Evaluate $\sum_{k=1}^{n} (2k-1) {n \choose k} $ using calculus
I found out the value by the following method:
$$T_r= (2r-1) {n\choose r}$$
$$S_r= \sum^n _{r=1} \left(2r {n\choose r} – {n\choose r}\right) = 2n \sum^n_{r=1} {n-1\choose r-1} – \sum ^n _{r=1} {n\choose r}= 2n(2^{n-1}) -2^n +1$$
Can anyone help me find the same result using calculus*?

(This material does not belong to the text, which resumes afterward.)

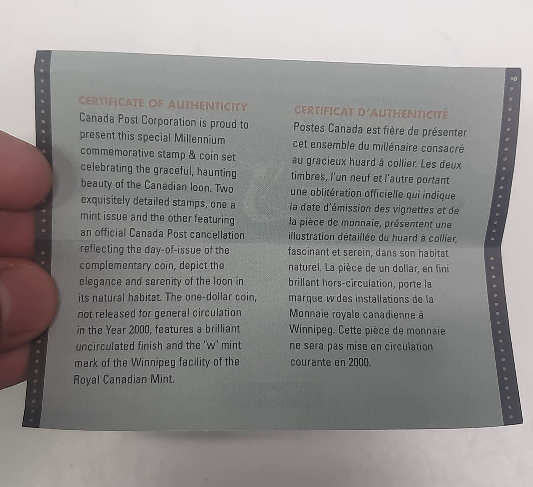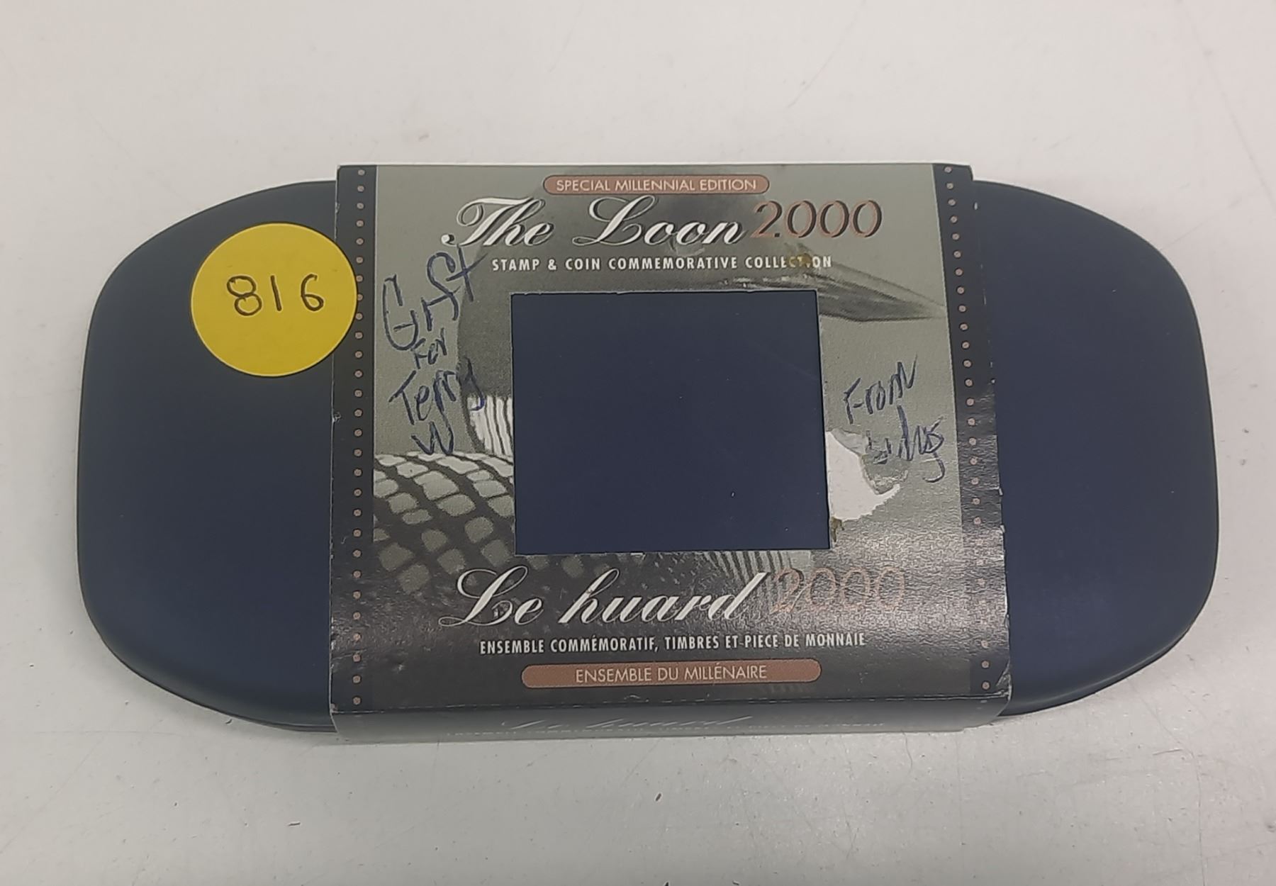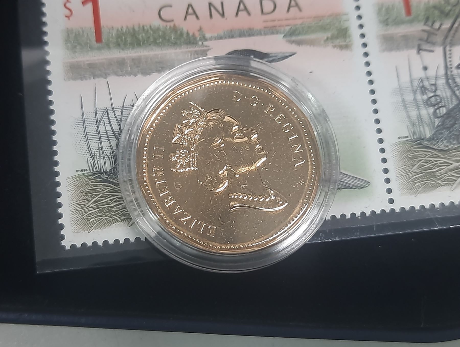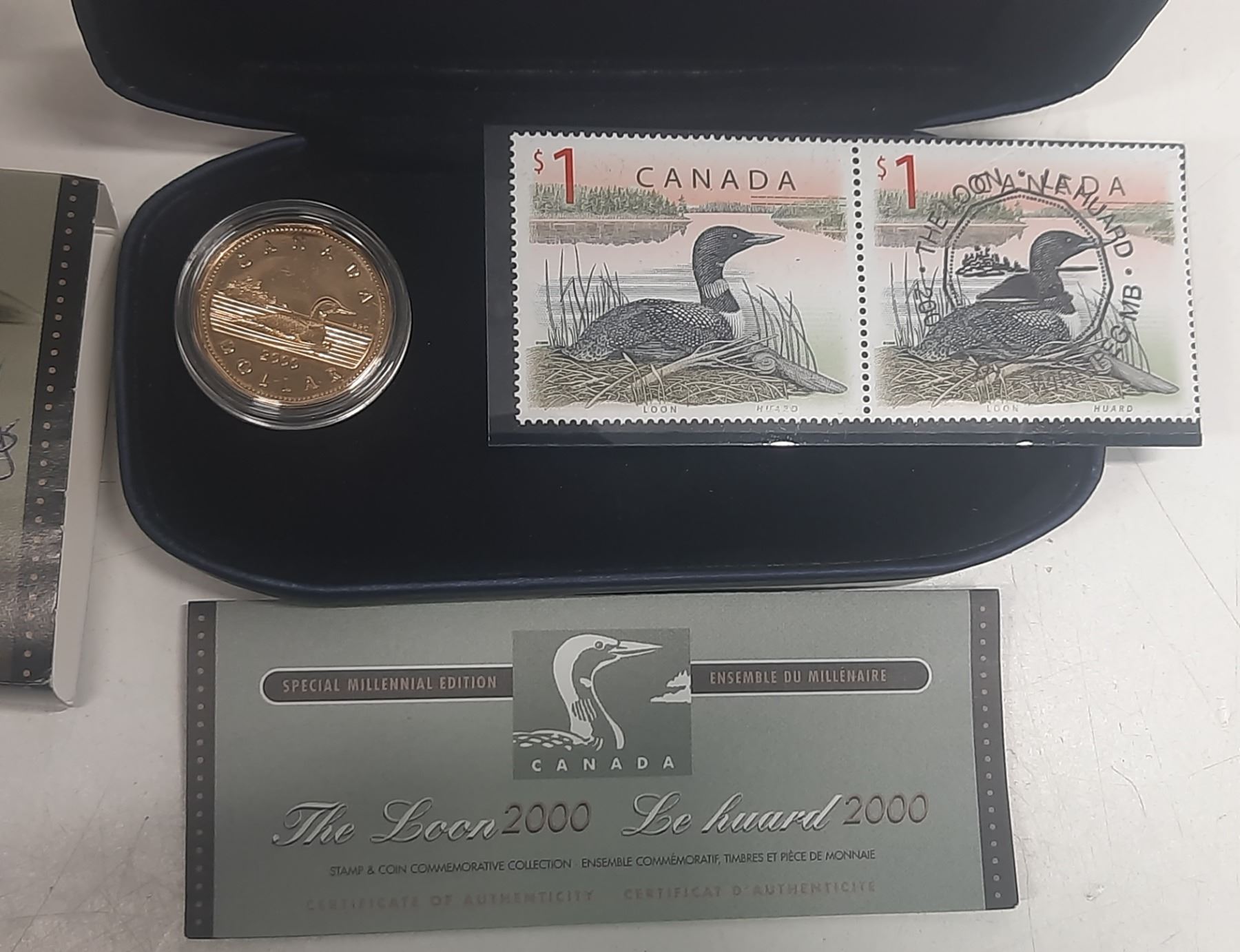 2000 The Loon Stamp & Coin Special Millennium Commemorative Collection. Includes special loonie with W on the obverse plus 2 $1 Stamps. Housed in its original Canada Post packaging.

*by using the binomial expansion of : $(1-x)^n$
By using calculus I mean something like this:
For finding $1{n \choose 1} + 2{n\choose 2} + 3{n\choose 3} +…. + n{n \choose n}$ We can differentiate the expansion of $(1+x)^n$ with respect to $x$.
Best Answer
Consider the polynomial $$f(x)=\frac{(1+x^2)^n-1}{x}.$$ By the Binomial Theorem, for $1\le k\le n$, the coefficient of $x^{2k}$ in $(1+x^2)^n-1$ is $\binom{n}{k}$, and therefore the coefficient of $x^{2k-1}$ in $f(x)$ is $\binom{n}{k}$.
Differentiate $\sum_1^n \binom{n}{k}x^{2k-1}$ term by term and set $x=1$. We get our sum.
But note that the derivative of $f(x)$ is $$\frac{2nx(1+x^2)^{n-1}-((1+x^2)^n-1)}{x^2}.$$ Setting $x=1$ gives $2n\cdot 2^{n-1}-2^n+1$.